半兵衛

女の香りの半兵衛のレビュー・感想・評価

女の香り(1968年製作の映画)
3.8
『サンセット大通り』のような内幕ものを目指しているはずが、大映ドラマのような過剰な登場人物、さじ加減を間違えているとしか思えない過剰な演出、驚愕のオチによって違うベクトルの映画に仕上がってしまった。それに味わいは濃厚なんだけれど、まとまりがおかしいので傑作になり損ねた感じ。

亡くなった女優のそっくりさんである主人公・エルサ(キム・ノヴァク)を使って女優の自伝映画を作るのはわかるけれど、女優の夫であった監督のいびつな妻への愛(主人公にも妻への愛を一方的に押し付ける)、そして監督の愛人でマネージャー的存在のロッセーラの主人公への歪んだ愛が重すぎて見ているこっちが壊れそう。そして主人公に突如死んだ女優のライラが憑依するかのような展開、どう見ても死んだ女優の魂が憑いているとしか思えないのに映画の登場人物たちは女優の演技力の賜物と言っているのがクレイジー。
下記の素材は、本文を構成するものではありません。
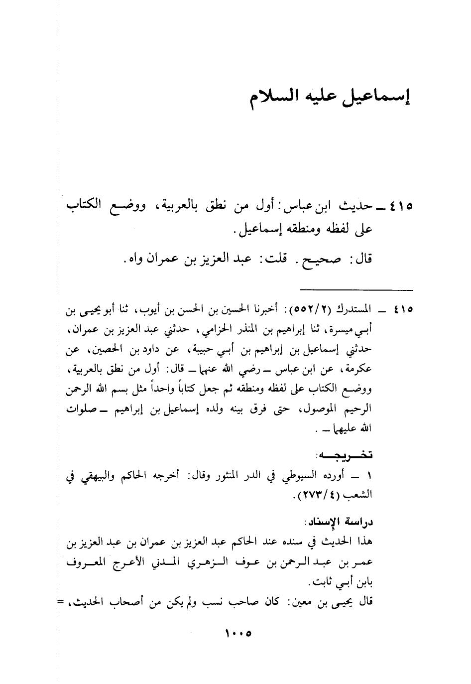 415 - المستدرك (2/ 552): أخبرنا الحسين بن الحسن بن أيوب، ثنا أبو يحيى بن أبي ميسرة، ثنا إبراهيم بن المنذر الحزامي، حدثني عبد العزيز بن عمران، حدثني إسماعيل بن إبراهيم بن أبي حبيبة، عن داود بن الحصين، عن عكرمة، عن ابن عباس -رضي الله عنهما- قال: أول من نطق بالعربية، ووضع الكتاب على لفظه ومنطقه ثم جعل كتاباً واحداً مثل بسم الله الرحمن الرحيم الموصول، حتى فرق بينه ولده إسماعيل بن إبراهيم -صلوات الله عليهما-.
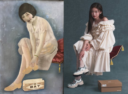 大正から昭和初期の実際のポスターを再現すると伺い、その時代からポスター文化があったことにとても驚きました。今は「昭和レトロ」といった言葉が注目されている時代でもあるので、当時実際に存在していたものと現代的な感覚を重ね合わせることで、すごく面白い表現ができるなと感じて、今までにない撮影になるんじゃないかと撮影前からワクワクしていました。履きやすくて、どんなコーデにも馴染むデザインもお気に入りです!
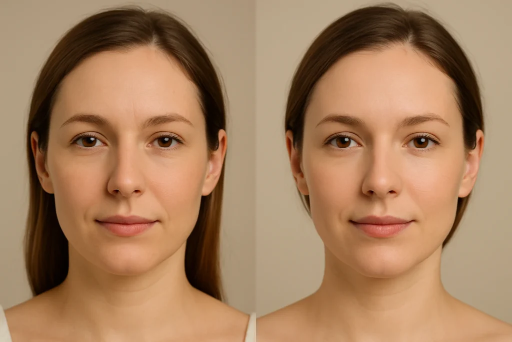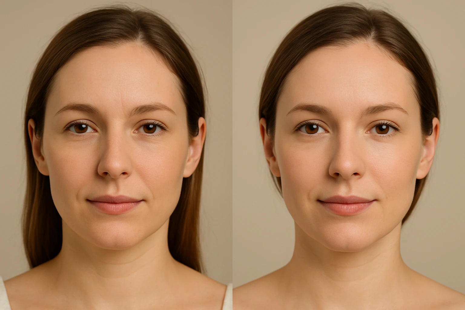 Na zdjęciu możemy zaobserwować subtelne, ale wyraźne różnice w kondycji skóry twarzy po zabiegu. Po lewej stronie widoczna jest cera z drobnymi niedoskonałościami – lekkie przesuszenie, delikatne zmarszczki i nierówny koloryt. Po prawej stronie, po przeprowadzeniu termoliftingu, skóra staje się bardziej wygładzona, zyskała świeżość, zdrowy blask i sprężystość, co przekłada się na ogólne odmłodzenie i wypoczęty wygląd.
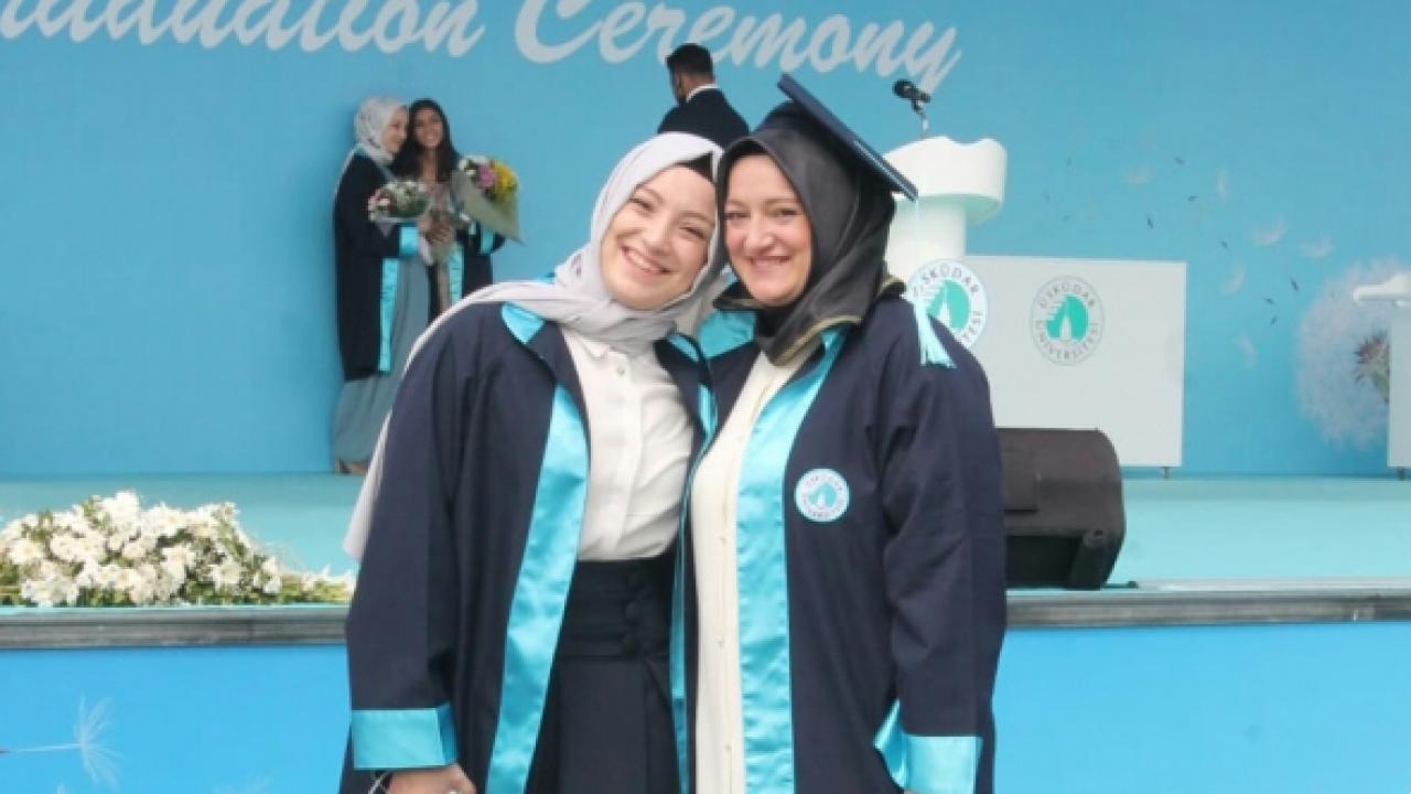 1-2-3 Eylül tarihlerinde gerçekleşen Üsküdar Üniversitesi 7. ve 8. Dönem Mezuniyet Töreni keyifli anlara sahne oldu. Laboratuvar Teknolojisi programını bitiren Rabia Acar, Psikoloji bölümünü bitiren kızı Rabia Acar ile birlikte mezun olmanın mutluluğunu yaşadı. Evlendiğinde ilkokul mezunu olduğunu ifade eden Fatma Acar, ikinci üniversitesini kızıyla aynı okulda okuyarak mezun oldu. Acar, “Sağlık Hizmetleri Meslek Yüksek Okulu Laboratuvar Teknolojisi programından 7.dönemde 42 yaşımda mezun oldum. Kızım Rabia Acar, 23 yaşında ve İnsan ve Toplum Bilimleri Fakültesi İngilizce Psikoloji bölümünden bu sene mezun oldu. Ben evlendiğimde ilkokul mezunuydum, eğitim hayatım 2005 yılında tekrar başladı. İlk olarak açık öğretimden ortaokul ve liseyi tamamladım. Daha sonra ise Anadolu Üniversitenden açık öğretim ile Adalet okudum. İlkokulda çok başarılı bir öğrenciydim, öğretmenlerim aileme okumam için fikir vermişlerdi fakat maddi imkânsızlık ve köy hayatındaki yetersizlikler nedeniyle okuyamadım. Evlendikten sonra İstanbul’da bir hastanenin kafeterya bölümünde çalışmaya başladım. Burada sağlık alanına olan ilgimi fark ettim ve tekrar üniversite sınavına hazırlandım. Tercihlerim arasında %75 bursla Üsküdar Üniversitesi Laboratuvar Teknolojisi bölümüne yerleştim.” dedi.
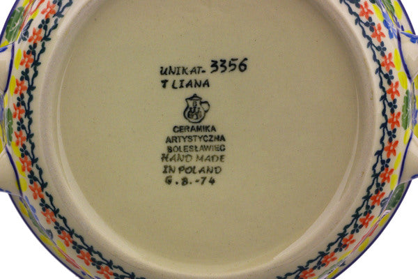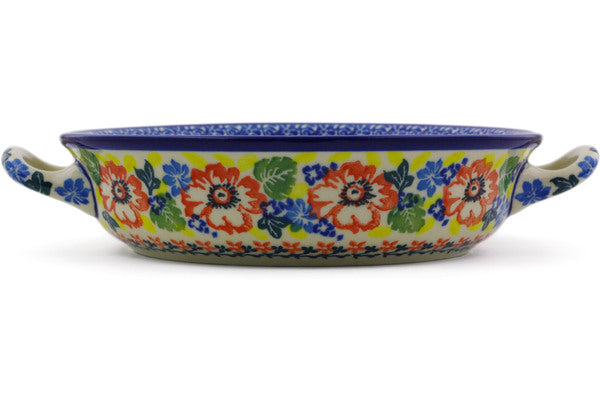 This Polish Pottery 8" Round Baker with Handles - Hummingbird Meadow is handmade and handpainted by the Ceramika Artystyczna factory in Boleslawiec, Poland.
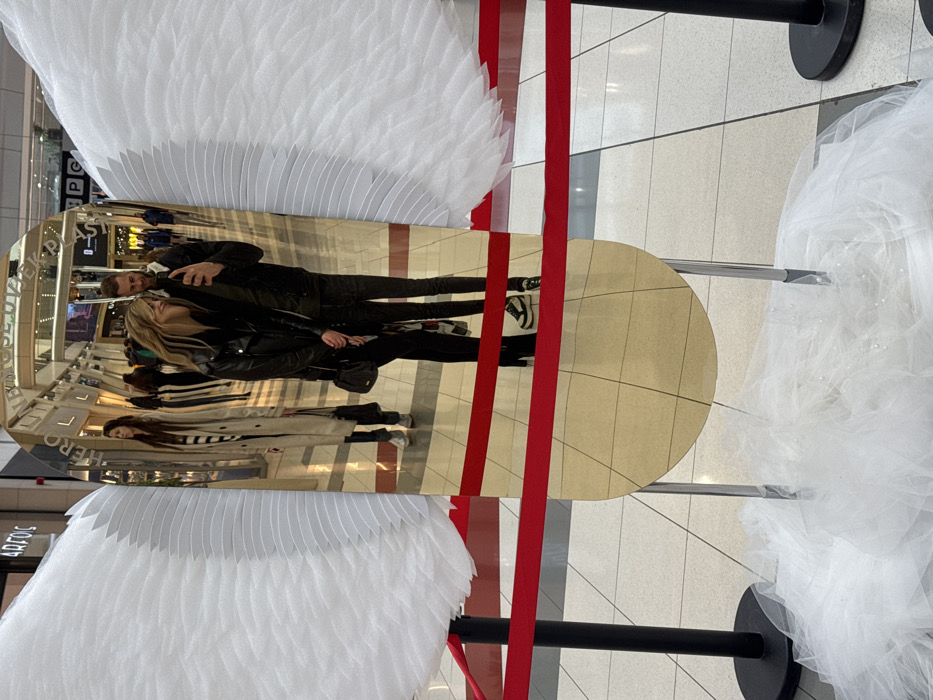 The image depicts an indoor scene within the Big Fashion Podgorica shopping mall in Podgorica, Montenegro. A prominent art installation or display is featured, comprising a tall, gold-toned, reflective, paddle-shaped mirror flanked by two large, white, layered feather-like wings. A mound of white, translucent fabric, possibly tulle, with small embedded white elements, covers the floor at the base of the installation. The display area is cordoned off by two parallel red fabric ropes stretched between black stanchions. Reflected prominently in the mirror are two individuals, a female and a male, standing together facing the display. The female, positioned on the left, has blonde hair and wears a black leather jacket over dark clothing, with a dark shoulder bag. Her hands are clasped at waist level. The male, positioned on the right and slightly behind the female, has a beard and short dark hair, wearing a dark jacket with a light-colored lining visible around the collar. He holds a black smartphone in his right hand, directed towards the mirror, consistent with taking a selfie or photographing their reflection. Both individuals exhibit a slight smile. The background reflection in the mirror reveals a brightly lit shopping mall corridor with light-colored tiled flooring, other pedestrians, and commercial storefronts. Visible store signs in the reflection include "ARFOS" (or a similar variant) and "HEROES LINE," confirming the commercial mall environment.
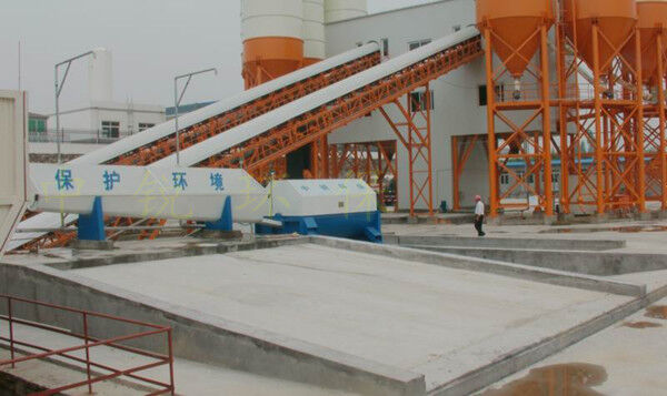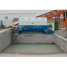 該系統(tǒng)主要由:攪拌車加水清洗裝置,溜槽輸送裝置,砂石漿水分離裝置,和泥漿水后處理裝置組成?;炷凛斔驮O(shè)備清洗后,將殘余混凝土排入溜槽中,在高壓水流沖擊下,經(jīng)溜槽進(jìn)入砂石分離機(jī),在不斷旋轉(zhuǎn)的分離機(jī)作用下,對混凝土進(jìn)行充分的清洗,同時(shí)將砂、石進(jìn)行分離,分離后的砂、石在導(dǎo)料葉片的作用下背向流動,再通過提升式出料口排出分離機(jī),分別堆放。清洗后的漿水從分離機(jī)的底部排出進(jìn)入沉淀池逐級沉淀后循環(huán)使用或進(jìn)入攪拌池回收利用。進(jìn)入攪拌池(一般情況2個(gè)攪拌池)的漿水為了防止沉淀凝固,需通過攪拌器的作用,攪拌器的工作為間歇式。分離出水泥漿在連續(xù)的攪拌器作用下,再通過高壓污水泵輸送到攪拌樓中待生產(chǎn)計(jì)量再利用。整個(gè)控制系統(tǒng)設(shè)有手動和自動控制,方便控制設(shè)置,整個(gè)系統(tǒng)運(yùn)行可靠,故障率低,維護(hù)量少等特點(diǎn)。
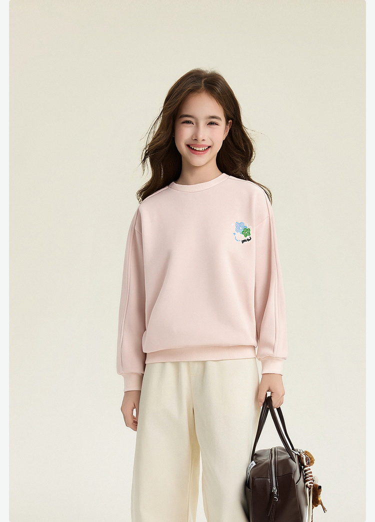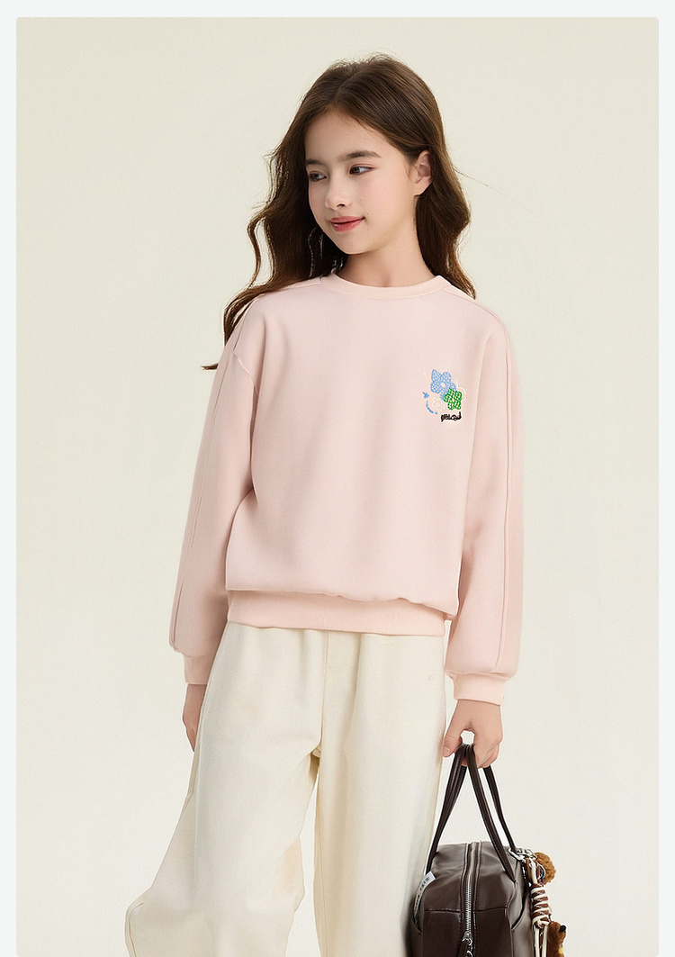 笛莎Deesha 童装女童卫衣2026春新款精致小图案圆领卫衣
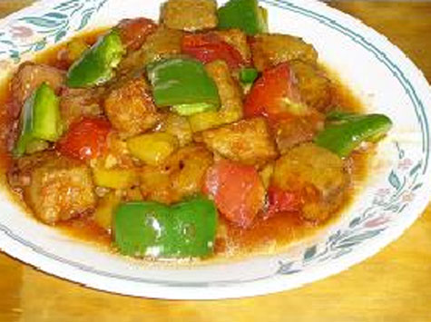 3. 热锅加油略炒蕃茄和凤梨,加入酱料、素火腿丁和青椒丁煮至酱汁浓稠后即可。
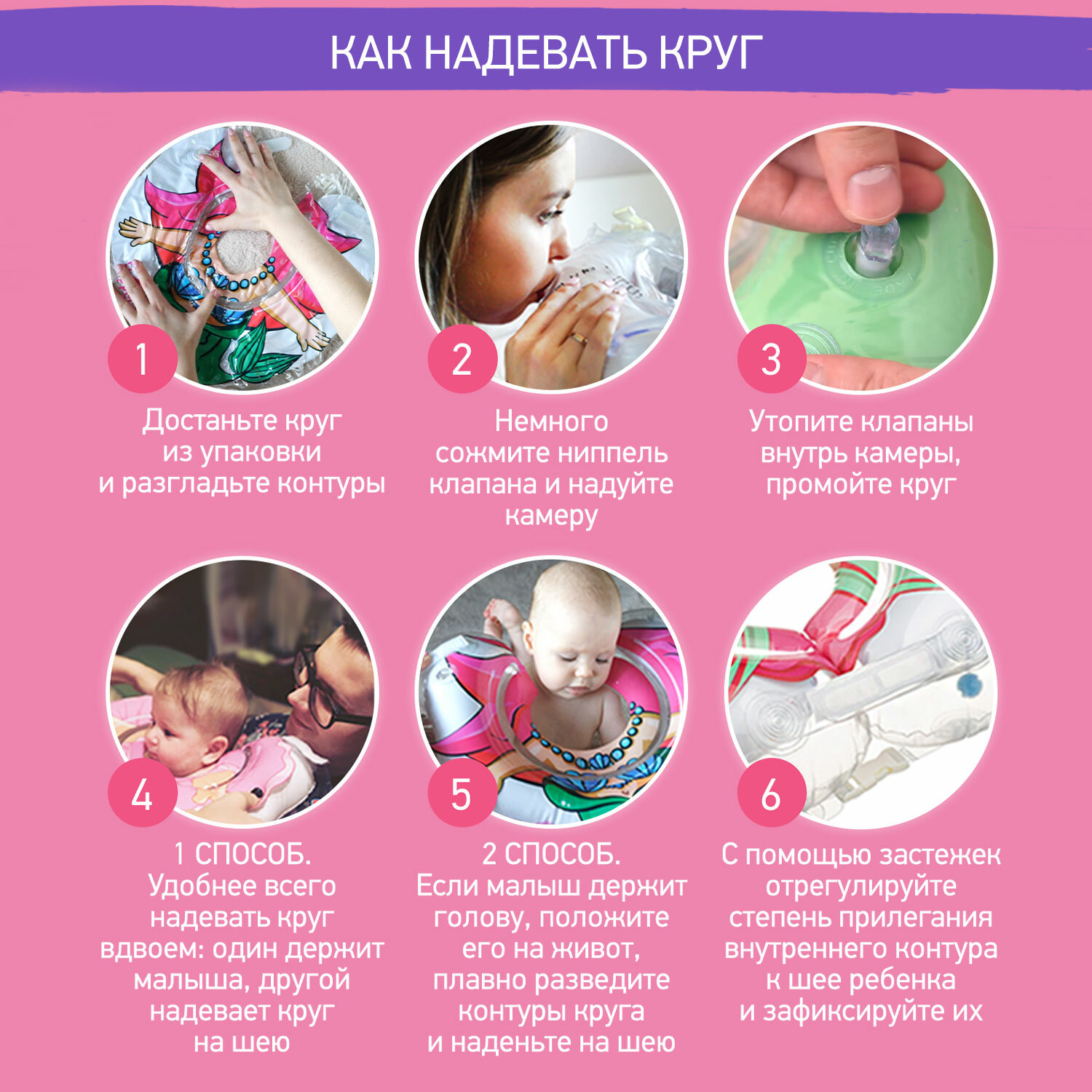 | Плюсы: | Очень удобный круг, особенно для купания грудничка |
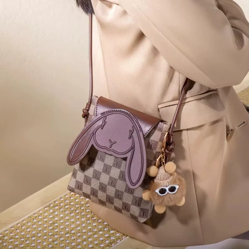 تألقي بإطلالة راقية مع حقيبة صغيرة جلد مصنوعة من جلد البقر الأصلي بتصميم عصري يجمع بين الأناقة والعملية. تتميز بنقشة مربعة أنيقة وتفاصيل فريدة مع تعليقة أرنب لطيفة تضيف لمسة جاذبية.
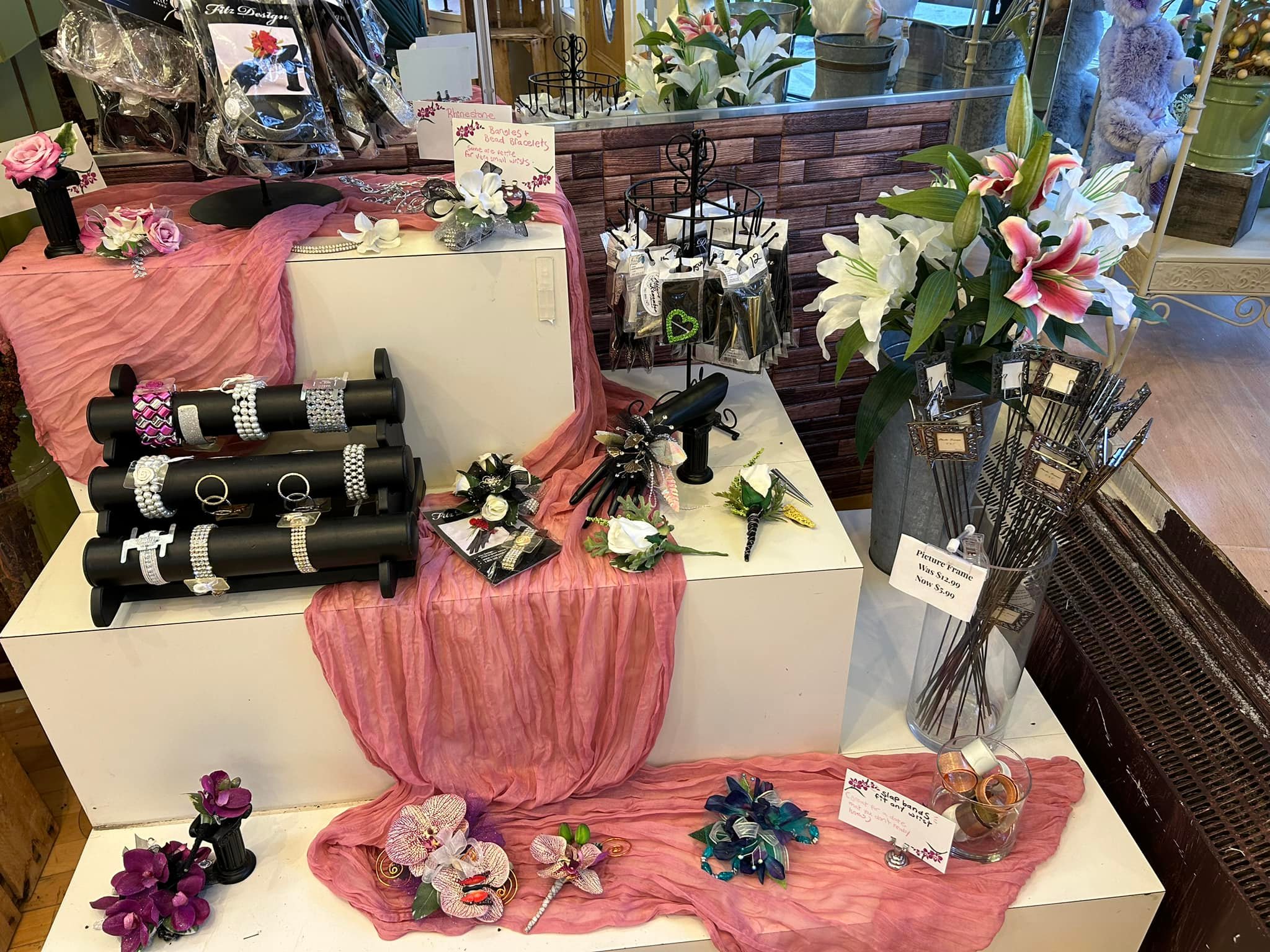 Affairs To Remember is a woman-owned company, they have a refrigerator packed with a variety of cut flowers and arrangements. Complementing the flowers they sell candy, balloons, and have an area where you can repot your plants. Something unique is they have a prom bar – you select your corsage or boutonniere, flowers and the bling. Lots of choices and very cool.

『悪徳』のロッド・スタイガーといい、『甘い抱擁』といいアルドリッチは業界の人間は狂っていると思っているんだろうな。

暴君プロデューサーとして君臨するアーネスト・ボーグナインの人間性の欠片もない圧倒的過剰さの素晴らしさは、『北国の帝王』のシャッコの片鱗を覗かせる。